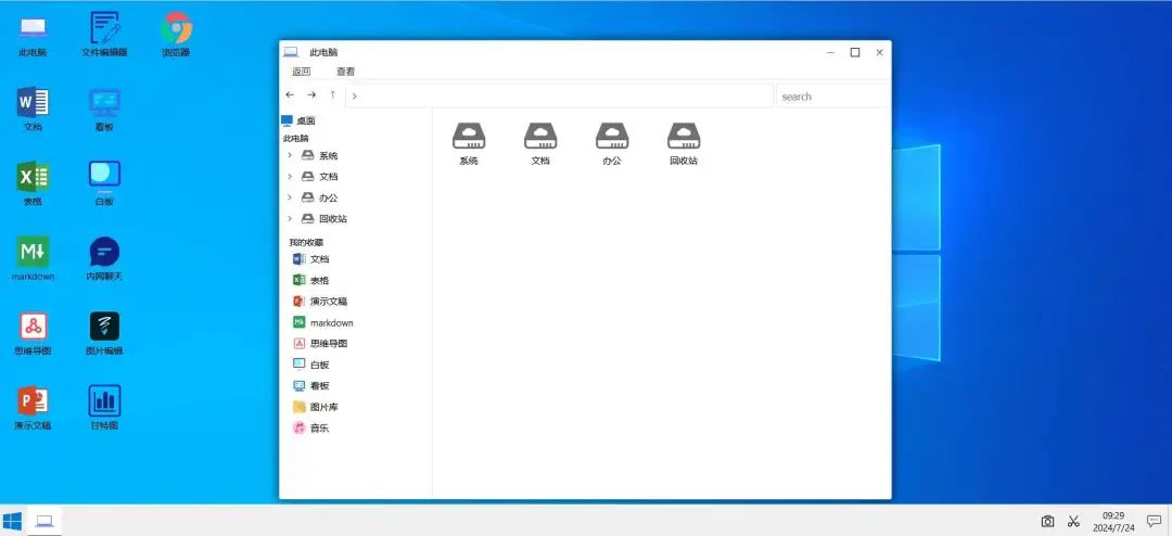 系统桌面:精仿Windows风格的桌面设计,提供便捷的桌面文件管理功能。 -
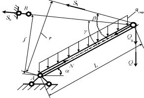 В расчетной схеме (рис. 3) приняты следующие обозначения: Sп – усилие растяжения в подвеске стрелы; – угол наклона стрелы; Q – нагрузка на крюке; Qб – сила тяжести от блоков и головной части стрелы; qстр – погонный вес стрелы; S1 – усилие в канате поли-
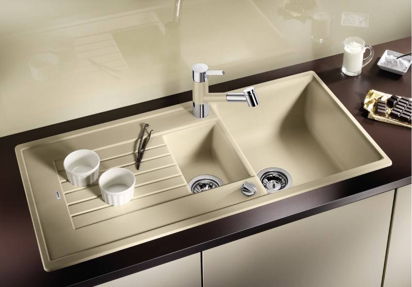 Но сказать, что каменные мойки –самые практичные, нельзя. В них не нужно ставить раскаленную сковороду. Боятся они красящих продуктов вроде свеклы. Стоят они дорого, а устанавливать их трудно.
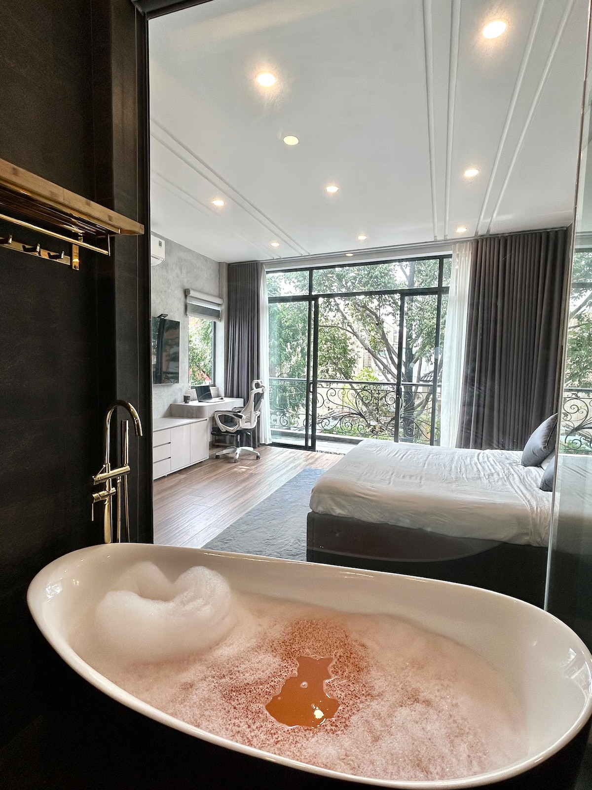 こちらの落ち着いた宿泊先で、ご家族一緒におくつろぎください。 ご予約いただきありがとうございます。お迎えするのを楽しみにしております! サイゴン(ベトナム、ホーチミン市)でのご滞在をできるだけ快適にお過ごしいただくために、以下のサービスを提供しています。 •空港送迎サービス(10泊以上のご予約で無料) •無料のプールとジム(プールは毎週月曜日に閉まります) •週1回の無料清掃サービス
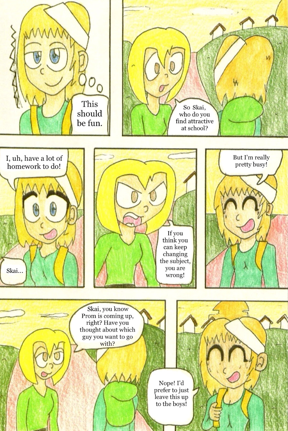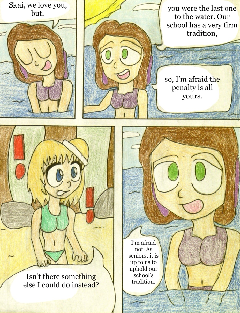 Skai is asked by her peers to join them at the beach, but realizes that the last one in the water has to skinny-dip. On her way home she runs into Nimanu, who tells her she must find a Prom date by tomorrow night.
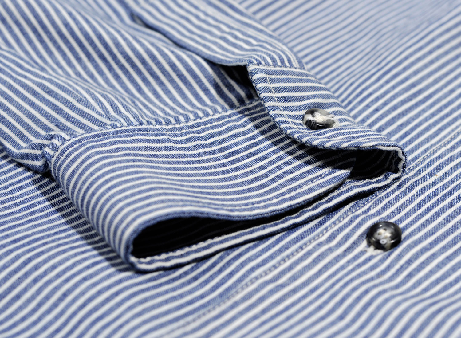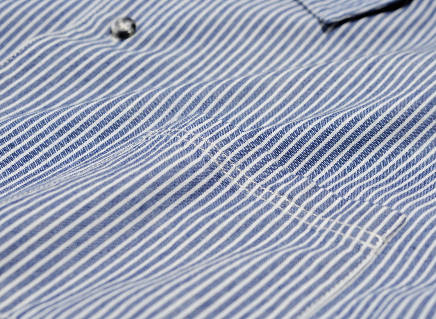 APC Surchemise Luca Indigo. Coutil de coton japonais. Coupe droite. Col vareuse classique. Empiècement demi-lune et languette d'accroche dans la nuque. Fermeture boutonnée. Six boutons dont un à bride sous le col. Poche poitrine arrondie plaquée surpiquée. Empiècement en haut du dos. Fentes latérales en bas. Manches longues montées. Pli et fente en bas des manches. Poignets boutonnés. Bas droit. Non doublée. Ourlet surpiqué. Boutons effet corne.
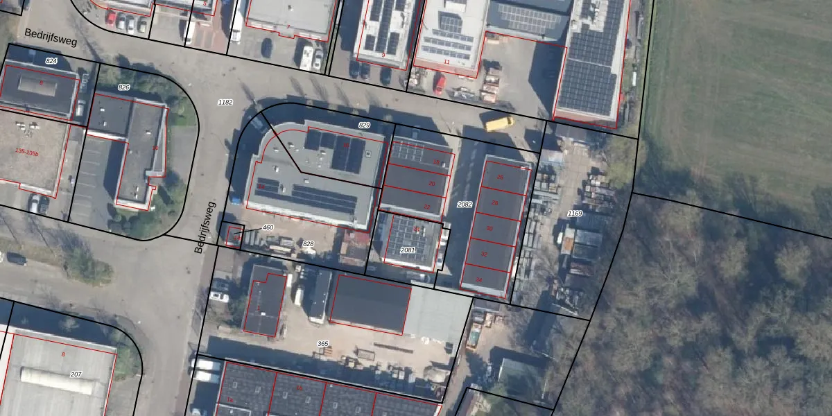 Het perceel waarop Bedrijfsweg 22 staat heeft een oppervlakte van 1051 m². Dit is een zeer groot perceel. De perceeloppervlakte wordt geregistreerd door het Kadaster. Gedetailleerde informatie over de maten van dit perceel kunt u vinden in het rapport Kadastrale kaart met maatvoering van Bedrijfsweg 22.
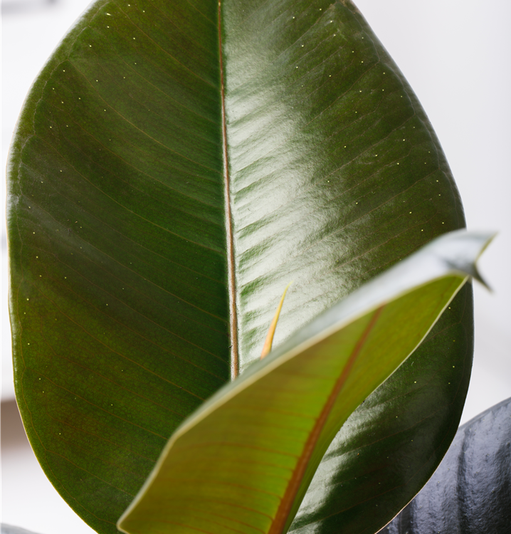 Die immergrünen Blätter des Gummibaums sind dunkelgrün, breit lanzettlich, glänzend.

====

▸ EXERCISE:
Leave out the pictures and print each record exactly as it stands.

▸ SOLUTION BELOW:
 系统桌面:精仿Windows风格的桌面设计,提供便捷的桌面文件管理功能。 -
 В расчетной схеме (рис. 3) приняты следующие обозначения: Sп – усилие растяжения в подвеске стрелы; – угол наклона стрелы; Q – нагрузка на крюке; Qб – сила тяжести от блоков и головной части стрелы; qстр – погонный вес стрелы; S1 – усилие в канате поли-
 Но сказать, что каменные мойки –самые практичные, нельзя. В них не нужно ставить раскаленную сковороду. Боятся они красящих продуктов вроде свеклы. Стоят они дорого, а устанавливать их трудно.
 こちらの落ち着いた宿泊先で、ご家族一緒におくつろぎください。 ご予約いただきありがとうございます。お迎えするのを楽しみにしております! サイゴン(ベトナム、ホーチミン市)でのご滞在をできるだけ快適にお過ごしいただくために、以下のサービスを提供しています。 •空港送迎サービス(10泊以上のご予約で無料) •無料のプールとジム(プールは毎週月曜日に閉まります) •週1回の無料清掃サービス
 Skai is asked by her peers to join them at the beach, but realizes that the last one in the water has to skinny-dip. On her way home she runs into Nimanu, who tells her she must find a Prom date by tomorrow night.
 APC Surchemise Luca Indigo. Coutil de coton japonais. Coupe droite. Col vareuse classique. Empiècement demi-lune et languette d'accroche dans la nuque. Fermeture boutonnée. Six boutons dont un à bride sous le col. Poche poitrine arrondie plaquée surpiquée. Empiècement en haut du dos. Fentes latérales en bas. Manches longues montées. Pli et fente en bas des manches. Poignets boutonnés. Bas droit. Non doublée. Ourlet surpiqué. Boutons effet corne.
 Het perceel waarop Bedrijfsweg 22 staat heeft een oppervlakte van 1051 m². Dit is een zeer groot perceel. De perceeloppervlakte wordt geregistreerd door het Kadaster. Gedetailleerde informatie over de maten van dit perceel kunt u vinden in het rapport Kadastrale kaart met maatvoering van Bedrijfsweg 22.
 Die immergrünen Blätter des Gummibaums sind dunkelgrün, breit lanzettlich, glänzend.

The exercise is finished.